Entries taken from a collection:

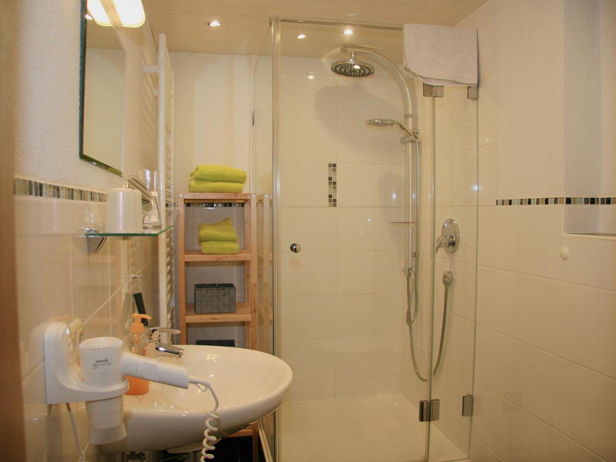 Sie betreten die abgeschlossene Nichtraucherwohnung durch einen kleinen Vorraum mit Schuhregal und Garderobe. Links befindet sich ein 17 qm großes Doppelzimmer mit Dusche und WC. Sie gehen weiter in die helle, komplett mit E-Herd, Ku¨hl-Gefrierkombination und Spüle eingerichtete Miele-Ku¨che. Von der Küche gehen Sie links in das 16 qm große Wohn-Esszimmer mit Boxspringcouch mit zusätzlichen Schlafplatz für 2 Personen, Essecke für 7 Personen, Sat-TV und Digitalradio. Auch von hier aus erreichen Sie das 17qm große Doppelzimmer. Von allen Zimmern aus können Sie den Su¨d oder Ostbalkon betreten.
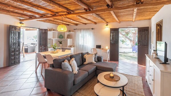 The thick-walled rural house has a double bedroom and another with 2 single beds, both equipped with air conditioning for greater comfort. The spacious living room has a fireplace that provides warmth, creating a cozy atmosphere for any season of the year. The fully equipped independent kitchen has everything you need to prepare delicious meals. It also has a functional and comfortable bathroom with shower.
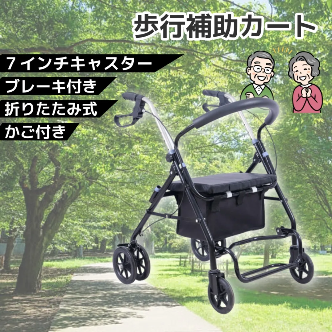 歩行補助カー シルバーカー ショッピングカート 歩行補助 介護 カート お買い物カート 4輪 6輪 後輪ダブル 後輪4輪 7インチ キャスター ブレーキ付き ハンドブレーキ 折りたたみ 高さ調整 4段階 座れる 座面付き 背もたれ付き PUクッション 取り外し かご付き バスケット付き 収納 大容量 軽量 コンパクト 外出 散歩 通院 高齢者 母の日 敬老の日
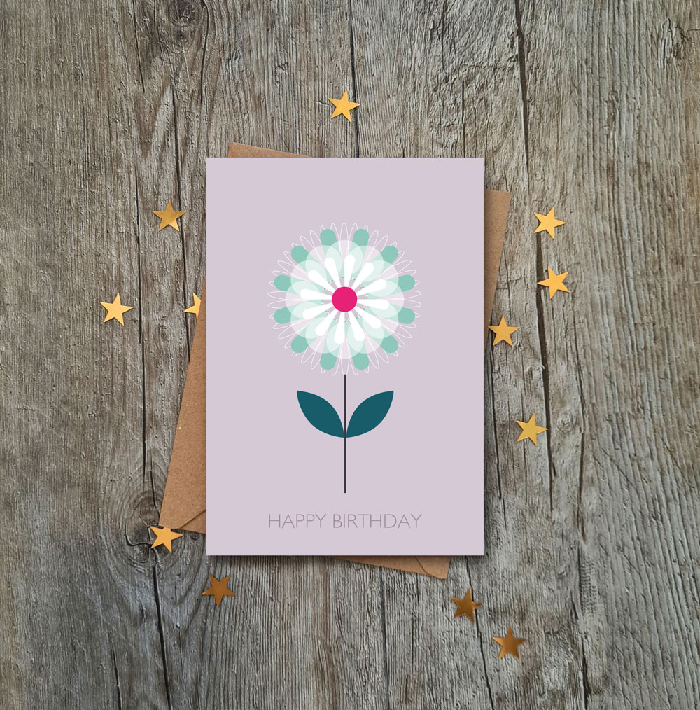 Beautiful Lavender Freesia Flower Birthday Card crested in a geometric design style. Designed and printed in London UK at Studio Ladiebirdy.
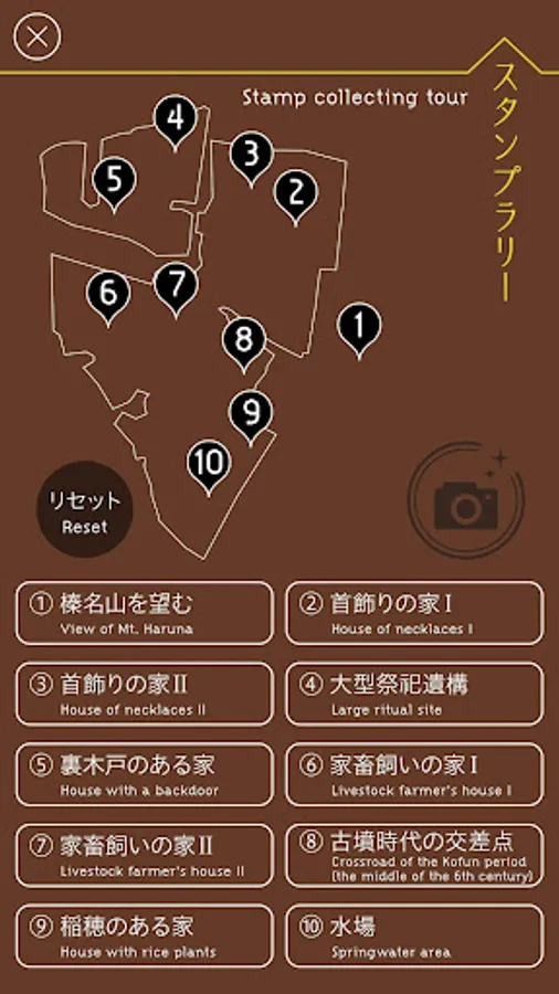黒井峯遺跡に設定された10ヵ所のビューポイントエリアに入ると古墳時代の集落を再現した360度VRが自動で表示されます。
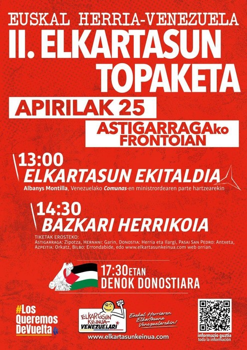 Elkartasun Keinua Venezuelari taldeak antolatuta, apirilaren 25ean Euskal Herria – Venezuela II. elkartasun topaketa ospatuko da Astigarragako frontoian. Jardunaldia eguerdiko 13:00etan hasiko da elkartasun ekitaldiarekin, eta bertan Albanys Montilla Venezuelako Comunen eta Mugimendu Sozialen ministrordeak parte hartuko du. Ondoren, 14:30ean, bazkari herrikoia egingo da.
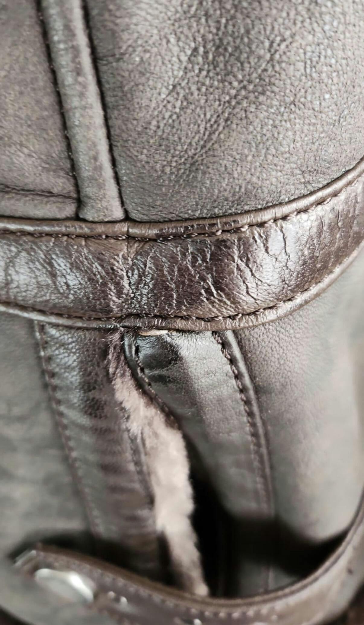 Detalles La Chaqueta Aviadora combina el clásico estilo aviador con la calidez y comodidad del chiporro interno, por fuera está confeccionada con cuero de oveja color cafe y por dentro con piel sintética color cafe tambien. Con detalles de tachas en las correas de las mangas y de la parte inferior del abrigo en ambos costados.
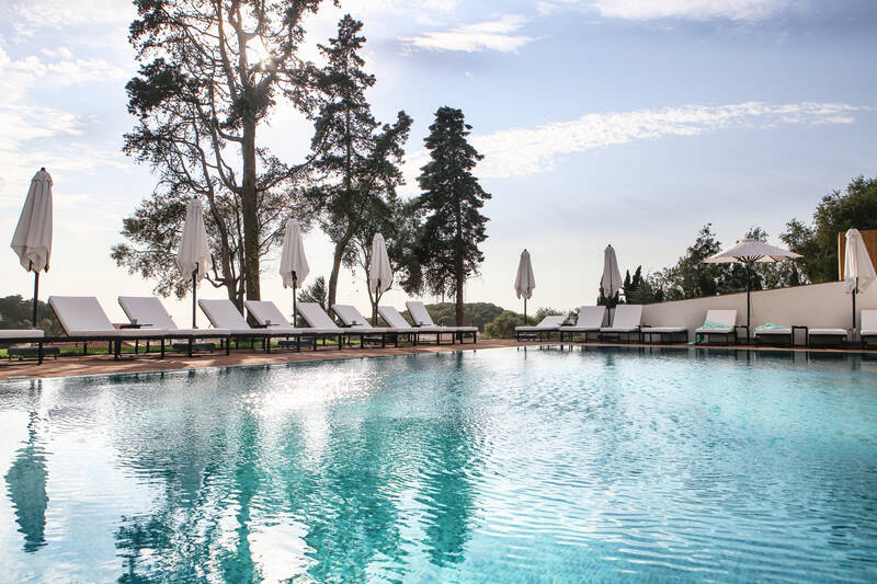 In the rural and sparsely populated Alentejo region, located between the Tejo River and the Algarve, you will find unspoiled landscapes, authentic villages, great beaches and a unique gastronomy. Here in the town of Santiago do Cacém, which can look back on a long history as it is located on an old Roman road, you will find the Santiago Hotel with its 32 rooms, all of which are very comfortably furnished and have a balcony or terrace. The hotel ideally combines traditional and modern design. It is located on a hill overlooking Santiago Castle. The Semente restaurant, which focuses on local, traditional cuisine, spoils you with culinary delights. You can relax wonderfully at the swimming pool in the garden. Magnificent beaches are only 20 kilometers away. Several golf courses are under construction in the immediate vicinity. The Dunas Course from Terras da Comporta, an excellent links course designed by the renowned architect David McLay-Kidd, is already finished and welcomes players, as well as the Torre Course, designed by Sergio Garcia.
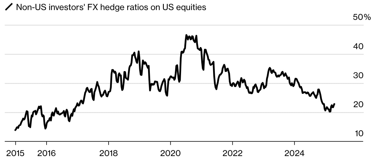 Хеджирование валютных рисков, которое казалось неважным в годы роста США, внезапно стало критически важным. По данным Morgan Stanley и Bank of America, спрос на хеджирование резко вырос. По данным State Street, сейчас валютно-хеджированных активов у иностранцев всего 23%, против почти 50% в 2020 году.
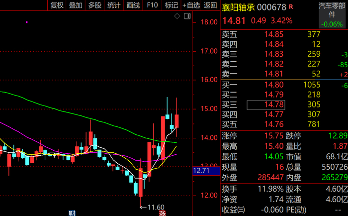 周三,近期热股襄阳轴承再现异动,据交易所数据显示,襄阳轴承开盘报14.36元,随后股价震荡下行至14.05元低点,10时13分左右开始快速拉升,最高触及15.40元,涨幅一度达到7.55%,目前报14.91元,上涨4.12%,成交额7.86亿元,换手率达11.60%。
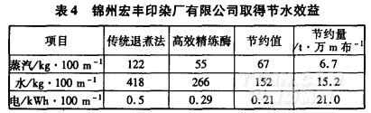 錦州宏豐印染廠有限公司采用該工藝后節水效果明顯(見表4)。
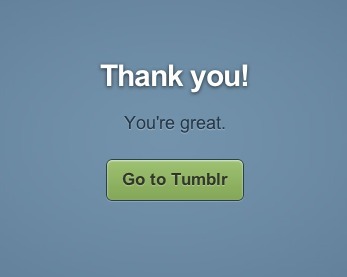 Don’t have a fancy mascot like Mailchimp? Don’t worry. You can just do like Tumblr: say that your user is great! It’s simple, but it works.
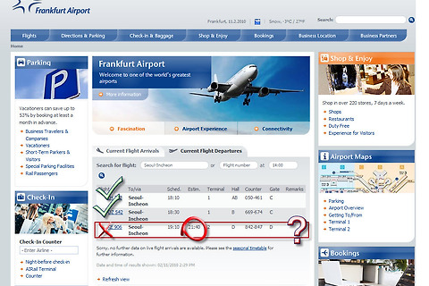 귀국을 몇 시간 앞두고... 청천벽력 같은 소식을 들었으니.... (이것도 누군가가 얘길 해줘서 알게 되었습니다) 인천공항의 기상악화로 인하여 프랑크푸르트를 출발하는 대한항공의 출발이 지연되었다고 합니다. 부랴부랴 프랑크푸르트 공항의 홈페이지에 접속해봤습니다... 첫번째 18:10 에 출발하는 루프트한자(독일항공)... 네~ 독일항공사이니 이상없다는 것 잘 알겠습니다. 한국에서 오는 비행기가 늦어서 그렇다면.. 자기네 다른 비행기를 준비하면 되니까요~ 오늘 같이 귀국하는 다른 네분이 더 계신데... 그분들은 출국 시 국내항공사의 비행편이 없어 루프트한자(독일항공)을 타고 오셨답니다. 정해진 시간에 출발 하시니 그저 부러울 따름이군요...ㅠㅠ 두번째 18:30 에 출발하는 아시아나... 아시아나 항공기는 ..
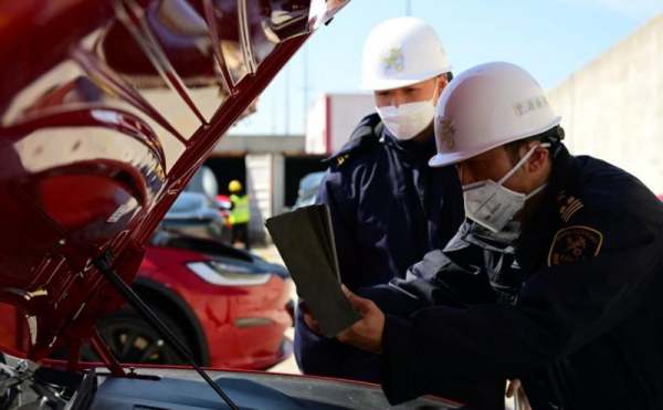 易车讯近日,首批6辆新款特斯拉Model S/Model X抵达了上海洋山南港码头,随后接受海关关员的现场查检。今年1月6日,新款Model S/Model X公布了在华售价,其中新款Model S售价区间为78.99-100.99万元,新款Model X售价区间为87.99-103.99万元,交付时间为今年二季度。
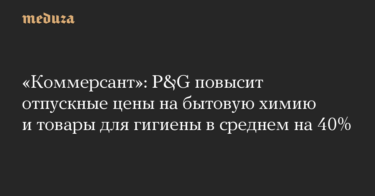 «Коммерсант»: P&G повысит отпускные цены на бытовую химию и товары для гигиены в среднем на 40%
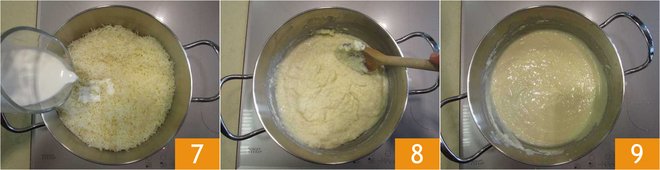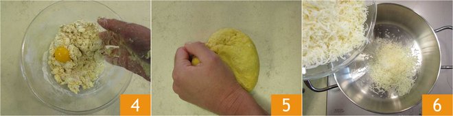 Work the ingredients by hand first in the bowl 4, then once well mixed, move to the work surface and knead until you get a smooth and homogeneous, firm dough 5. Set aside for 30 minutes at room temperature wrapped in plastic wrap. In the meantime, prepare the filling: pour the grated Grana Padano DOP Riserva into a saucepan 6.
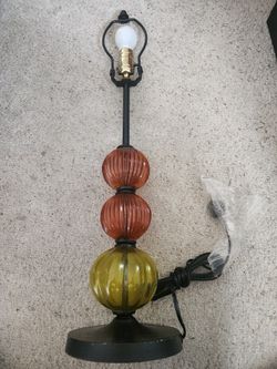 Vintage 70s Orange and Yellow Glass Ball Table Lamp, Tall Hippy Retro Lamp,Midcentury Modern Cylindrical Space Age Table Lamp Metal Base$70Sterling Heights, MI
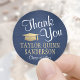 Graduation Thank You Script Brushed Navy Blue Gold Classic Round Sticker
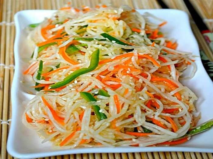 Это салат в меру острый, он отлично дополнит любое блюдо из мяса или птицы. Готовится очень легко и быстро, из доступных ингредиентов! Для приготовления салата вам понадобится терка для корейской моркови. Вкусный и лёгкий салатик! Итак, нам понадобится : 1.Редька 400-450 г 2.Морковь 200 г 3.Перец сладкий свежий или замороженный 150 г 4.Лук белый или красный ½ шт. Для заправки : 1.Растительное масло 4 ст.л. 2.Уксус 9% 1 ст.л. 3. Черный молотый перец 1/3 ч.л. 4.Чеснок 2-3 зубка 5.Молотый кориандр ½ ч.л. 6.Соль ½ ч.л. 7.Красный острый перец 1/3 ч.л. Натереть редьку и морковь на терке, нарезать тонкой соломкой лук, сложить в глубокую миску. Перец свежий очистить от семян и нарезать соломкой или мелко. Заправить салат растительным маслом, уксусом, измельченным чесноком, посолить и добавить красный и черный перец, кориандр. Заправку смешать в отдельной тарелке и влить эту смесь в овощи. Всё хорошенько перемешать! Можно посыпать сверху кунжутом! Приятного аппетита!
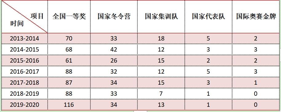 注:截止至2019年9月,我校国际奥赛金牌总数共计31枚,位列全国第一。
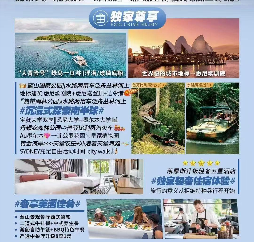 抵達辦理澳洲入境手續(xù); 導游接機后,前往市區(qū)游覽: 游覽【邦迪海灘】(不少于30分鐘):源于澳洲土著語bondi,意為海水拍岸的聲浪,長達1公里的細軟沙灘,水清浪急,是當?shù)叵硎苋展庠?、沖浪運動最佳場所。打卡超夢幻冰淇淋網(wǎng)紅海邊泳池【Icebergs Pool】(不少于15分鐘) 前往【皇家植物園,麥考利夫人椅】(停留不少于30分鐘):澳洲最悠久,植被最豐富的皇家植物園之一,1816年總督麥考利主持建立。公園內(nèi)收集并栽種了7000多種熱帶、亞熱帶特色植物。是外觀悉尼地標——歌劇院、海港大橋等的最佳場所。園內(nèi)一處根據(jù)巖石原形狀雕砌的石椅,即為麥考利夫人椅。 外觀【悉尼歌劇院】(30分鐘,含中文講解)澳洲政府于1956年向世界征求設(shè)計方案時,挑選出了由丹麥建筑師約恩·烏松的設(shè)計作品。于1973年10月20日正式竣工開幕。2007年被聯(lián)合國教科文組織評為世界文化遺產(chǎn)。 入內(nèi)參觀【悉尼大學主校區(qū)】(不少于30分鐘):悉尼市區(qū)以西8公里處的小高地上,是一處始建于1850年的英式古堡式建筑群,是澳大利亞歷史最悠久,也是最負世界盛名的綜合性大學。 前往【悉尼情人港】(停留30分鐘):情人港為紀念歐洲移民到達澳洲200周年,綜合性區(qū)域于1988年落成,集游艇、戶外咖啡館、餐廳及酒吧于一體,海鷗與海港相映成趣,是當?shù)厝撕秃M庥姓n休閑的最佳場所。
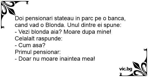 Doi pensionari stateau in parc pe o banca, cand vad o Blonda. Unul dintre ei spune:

§ Task objective:
Using the records above, print exactly the lines between the ones containing "Elkartasun Keinua Venezuelari" and "Detalles La Chaqueta", inclusive, and nothing else; no pictures.

§ Task answer:
 Elkartasun Keinua Venezuelari taldeak antolatuta, apirilaren 25ean Euskal Herria – Venezuela II. elkartasun topaketa ospatuko da Astigarragako frontoian. Jardunaldia eguerdiko 13:00etan hasiko da elkartasun ekitaldiarekin, eta bertan Albanys Montilla Venezuelako Comunen eta Mugimendu Sozialen ministrordeak parte hartuko du. Ondoren, 14:30ean, bazkari herrikoia egingo da.
 Detalles La Chaqueta Aviadora combina el clásico estilo aviador con la calidez y comodidad del chiporro interno, por fuera está confeccionada con cuero de oveja color cafe y por dentro con piel sintética color cafe tambien. Con detalles de tachas en las correas de las mangas y de la parte inferior del abrigo en ambos costados.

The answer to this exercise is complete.